Tuesday, September 30, 2025

A Heartfelt “Miss Valentine”

The other day I had lunch with Peter Pan. Yes, really! Blayne Weaver has been the official voice of Disney’s classic Peter Pan character since 2001. Leaning into the classic sound of Bobby Driscoll, Disney’s original Peter,  Blayne records Peter Pan’s voice for films, TV, and Disney theme parks. Driscoll, I’m sad to report, came to a tragic end at age 31, a victim of drugs, alcohol, and Hollywood burn-out. Blayne, though much less famous, has found a way to keep his showbiz career moving forward. Though he started as an actor, and still loves the profession, he’s also kept busy in recent years as a screenwriter and director, mostly of indie movies of all stripes. Are you looking for a low-budget thriller? Or a romantic comedy? Blayne adores the whole process, challenges and all. His latest project, arriving this week on streaming service Xumo Play, is a holiday-themed rom-com called Miss Valentine. As he described it to me, “I’m trying to make When Harry Met Sally, with a tiny budget and without Tom Hanks.”

 At present he has almost a dozen credits as a director, nearly as many as a producer, and a number of writing credits as well. I met him through my once-upon-a-time Roger Corman pal, Mike Elliott, who has long specialized (through his company Capital Arts) in direct-to-video-style productions, of which he’s made scores. Capital Arts is backing Miss Valentine, which takes advantage of Blayne’s longtime connection with the state of Virginia where he holds a prestigious teaching post in Shenandoah University’s film department. It seems that nearby Winchester, Virginia hosts an annual springtime Apple Blossom Festival. But cable channels love holiday themes (Christmas, of course, is the big one), and so Valentine’s Day got the nod. Local pride allowed Blayne and company to shoot the apple-blossom festivities, with organizers permitting cast and crew to add Valentine’s Day hoopla to their parade and other events. The neighborhood turnout gave Miss Valentine a cast of thousands. They got to play themselves as townsfolk, and also gave a warm welcome to the film’s stars, who include appealing TV personalities Paris Berelc (as the beauty pageant winner guilty of an unforgivable faux-pas) and Luke Benward, as the young man who’s long fancied her. Many veteran players are featured too, including Marilu Henner (Taxi) as a no-nonsense pageant organizer. But despite the film’s big look, it was shot economically, over a Corman-like period of three six-day weeks.    

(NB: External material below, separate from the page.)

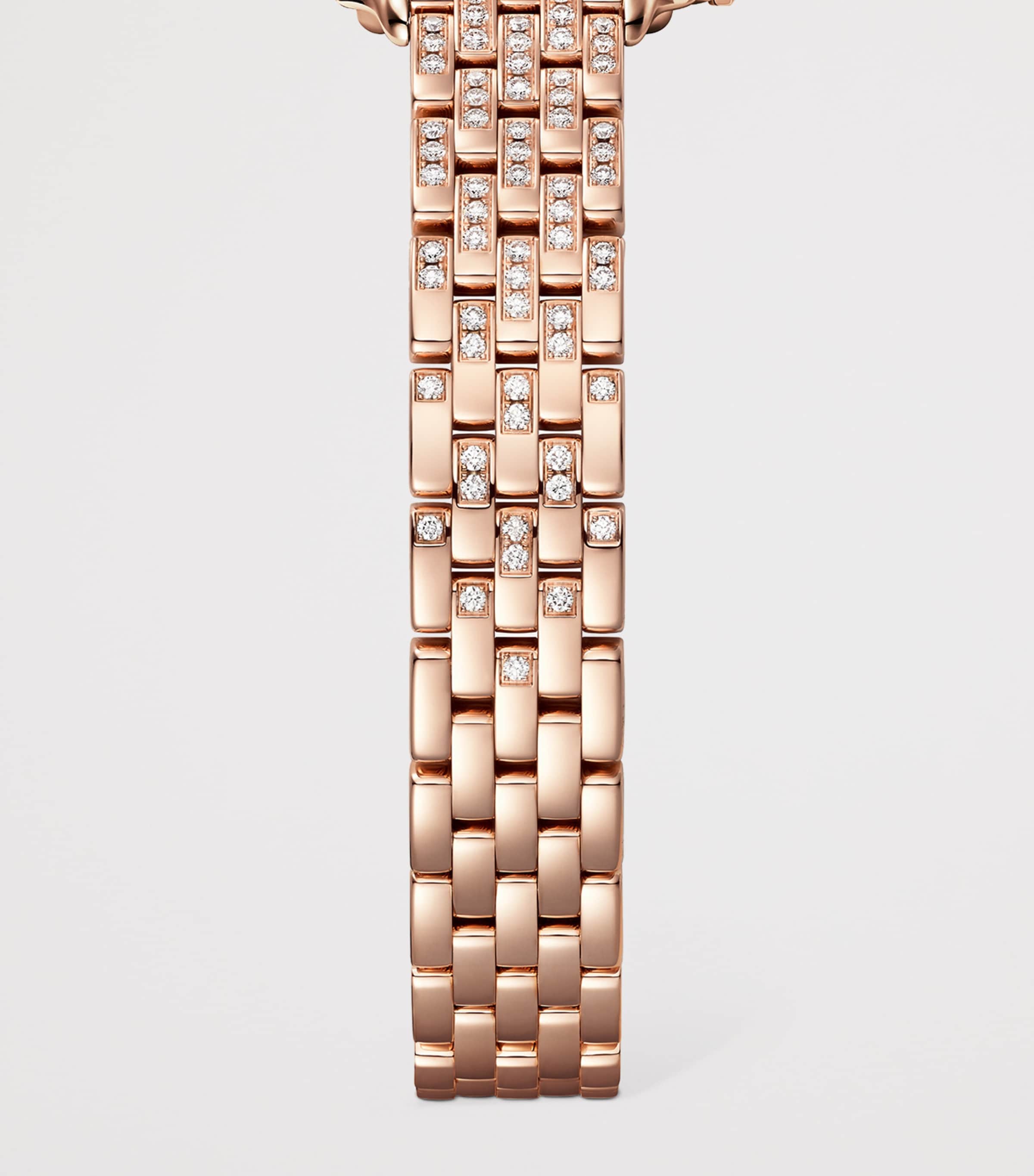 Inspired by an archival design from the '80s Must de Cartier collection, the Panthère de Cartier range perfectly toes the line between a watch and jewellery making these some of Cartier's most distinctive timepieces for women. Contemporising the icon with new finishes - this style is realised in 18-karat rose gold – the re-edition bears the original square face, screwed-down bezel and linked brick-lay bracelet with the concealed folding clasp that makes the design so comfortable on the wrist. Set with brilliant-cut white diamonds across the dial and strap, a silvered dial and sword-shaped hands, this luxurious accessory is finished with elongated Roman numerals and the secret Cartier signature in the 'X' at 10 o'clock.

 Blayne is too practical a guy to be obsessed with any hyper-ambitious future project. (No Megalopolis for him, I suspect). Having finished Miss Valentine, his current dream is “getting the next one going.” He’s tried out many genres, but admits to a fondness for horror comedy, in which “bad things happen to funny people.”  

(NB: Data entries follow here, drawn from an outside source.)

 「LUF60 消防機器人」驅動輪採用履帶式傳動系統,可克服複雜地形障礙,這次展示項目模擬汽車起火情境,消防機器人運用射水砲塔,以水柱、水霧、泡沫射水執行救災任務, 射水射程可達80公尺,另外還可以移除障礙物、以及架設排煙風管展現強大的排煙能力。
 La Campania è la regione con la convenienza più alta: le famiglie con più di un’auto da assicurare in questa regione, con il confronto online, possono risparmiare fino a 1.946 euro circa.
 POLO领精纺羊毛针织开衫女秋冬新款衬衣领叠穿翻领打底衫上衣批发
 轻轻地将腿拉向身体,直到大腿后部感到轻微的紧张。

 Thinking back to Manic, a film that was his big break as a screenwriter, Blayne has strong feelings about the atmosphere he wants to create on a set. This 2001 drama about emotionally damaged teens was written with a starring part for himself, but the funders eventually pushed for big money and a big-name cast. It should have been a tremendous break, but the atmosphere on the set was so toxic that he vowed—when he started directing—to take the opposite route. As he says now, “You get the best work from artists when they’re encouraged.” He puts it succinctly: he starts each project with “a no-asshole policy.”  

 Nothing, I suspect, is going to stop Blayne from doing what he loves. As he told me, “I’m my best me when I’m on set.”